▶ **YOUR OBJECTIVE**
A faithful copy of the data, pictures omitted, is the required answer.

▶ **DATASET CONTENT**
==================================================

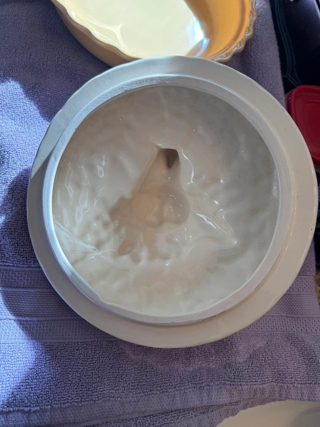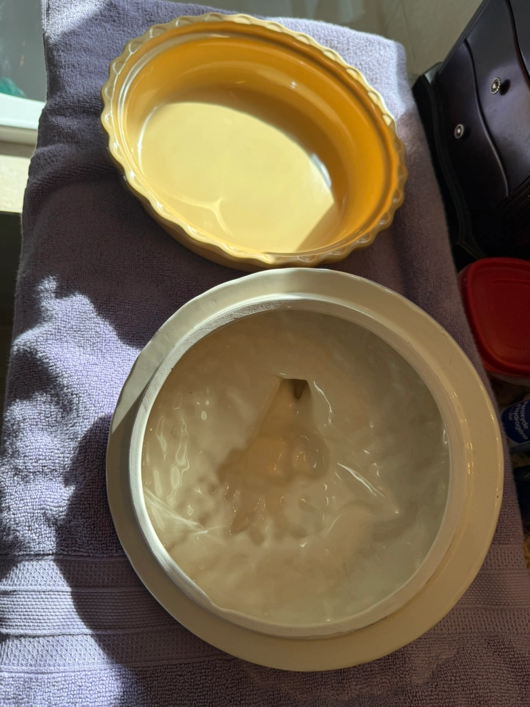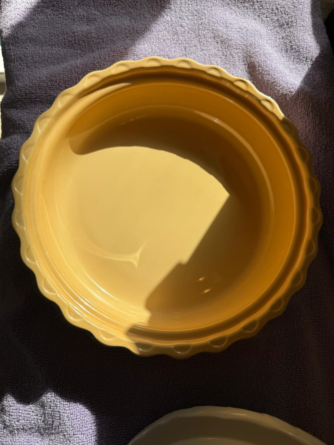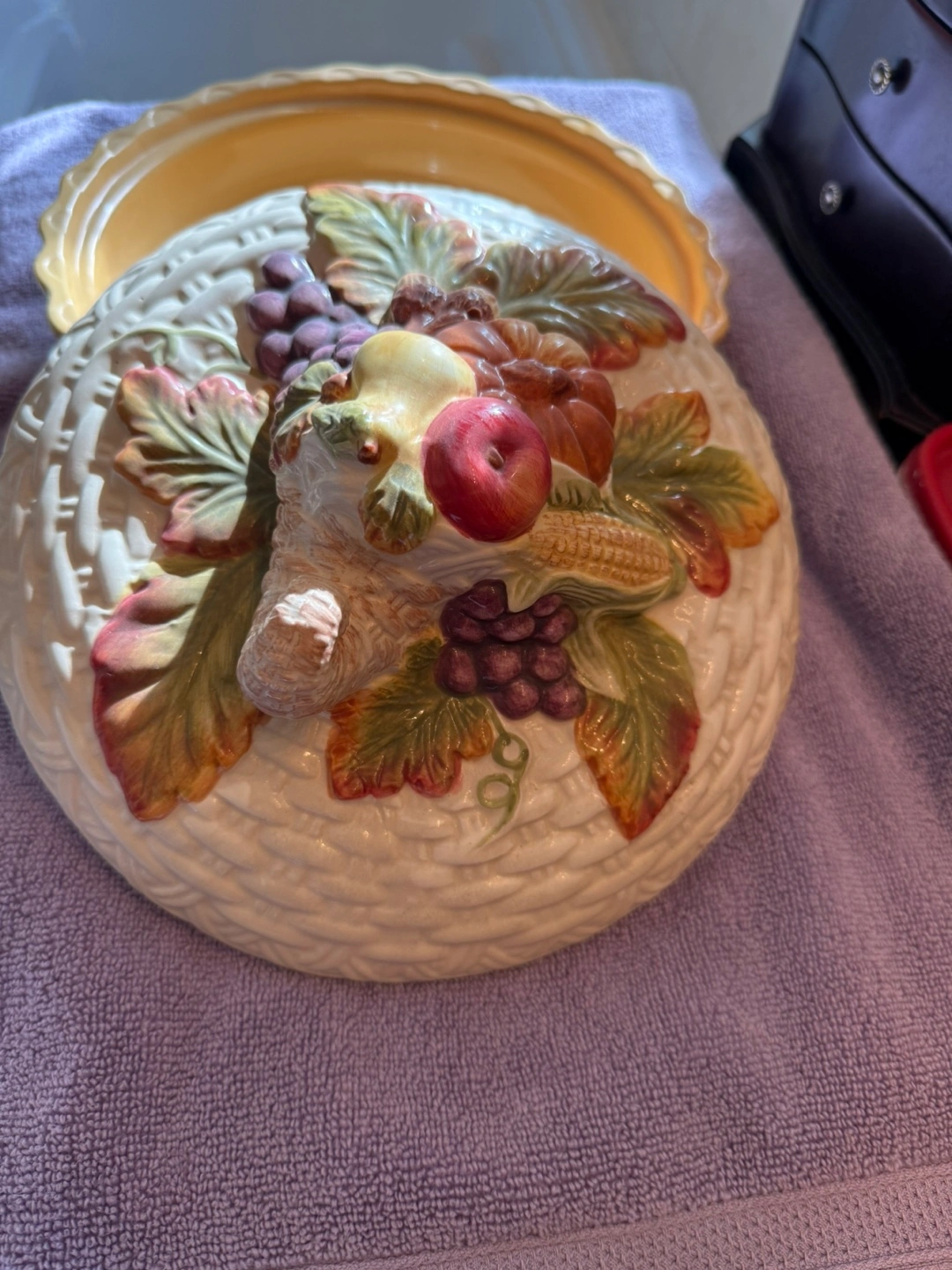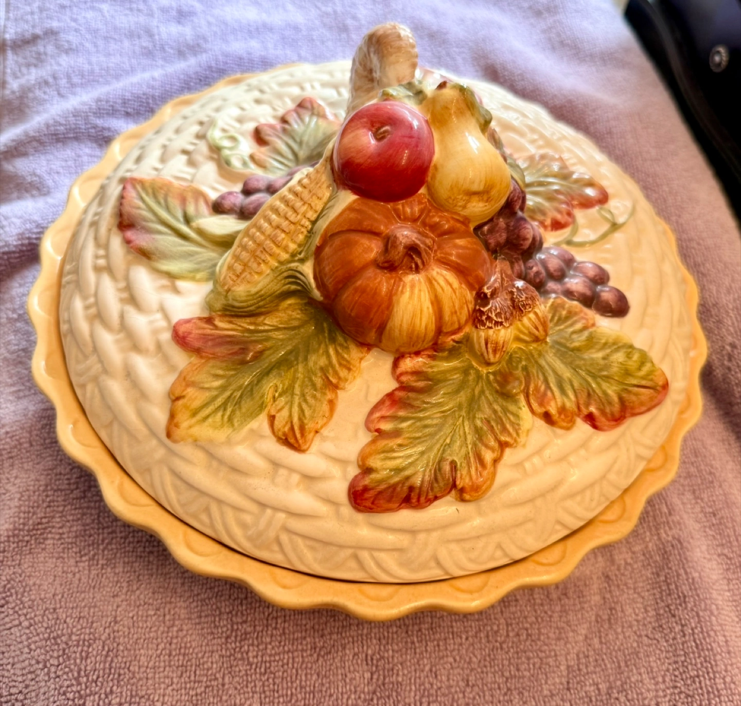 Beautiful pie carrier. Features autumn harvest design. Cream and yellow colours. Lid and base included. It’s been sitting in a cupboard for a while and never been used. Oven safe
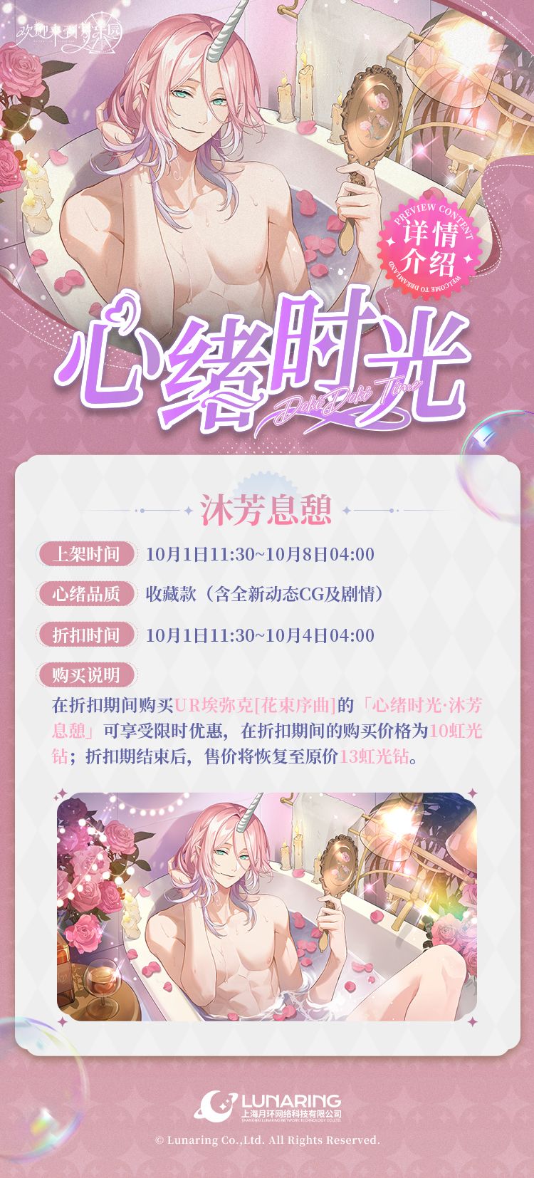 - 售价:在折扣期间购买「心绪时光·沐芳息憩」可享受限时优惠,在折扣期间的购买价格为10虹光钻,折扣期结束后,售价将恢复至原价13虹光钻。
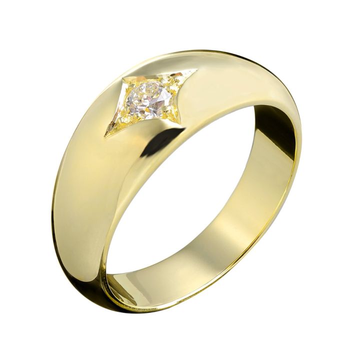 Mittig der Ringschiene schauseitig ist der Ring mit einem funkelnden Brillanten von 0,18 ct in einer sternförmigen Fassung besetzt.
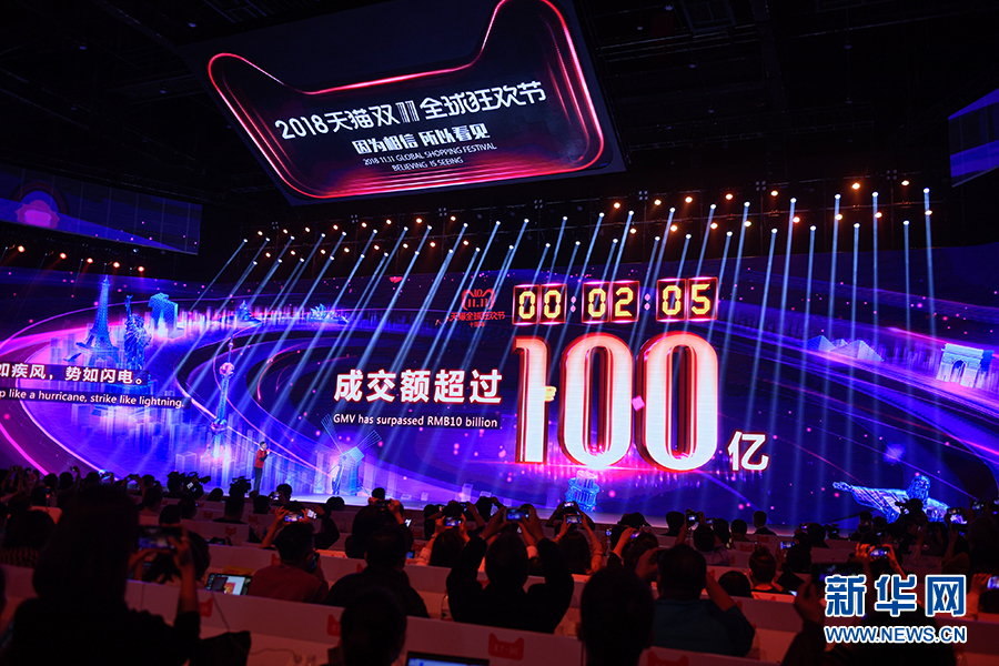 11月11日,在上海舉行的“2018天貓雙11全球狂歡夜”晚會上,阿里巴巴平臺的大屏顯示僅用了2分05秒阿里巴巴平臺上的成交額沖破100億元人民幣。新華社記者 黃宗治 攝?

==================================================

▶ **RESPONSE BOX**
 Beautiful pie carrier. Features autumn harvest design. Cream and yellow colours. Lid and base included. It’s been sitting in a cupboard for a while and never been used. Oven safe
 - 售价:在折扣期间购买「心绪时光·沐芳息憩」可享受限时优惠,在折扣期间的购买价格为10虹光钻,折扣期结束后,售价将恢复至原价13虹光钻。
 Mittig der Ringschiene schauseitig ist der Ring mit einem funkelnden Brillanten von 0,18 ct in einer sternförmigen Fassung besetzt.
 11月11日,在上海舉行的“2018天貓雙11全球狂歡夜”晚會上,阿里巴巴平臺的大屏顯示僅用了2分05秒阿里巴巴平臺上的成交額沖破100億元人民幣。新華社記者 黃宗治 攝?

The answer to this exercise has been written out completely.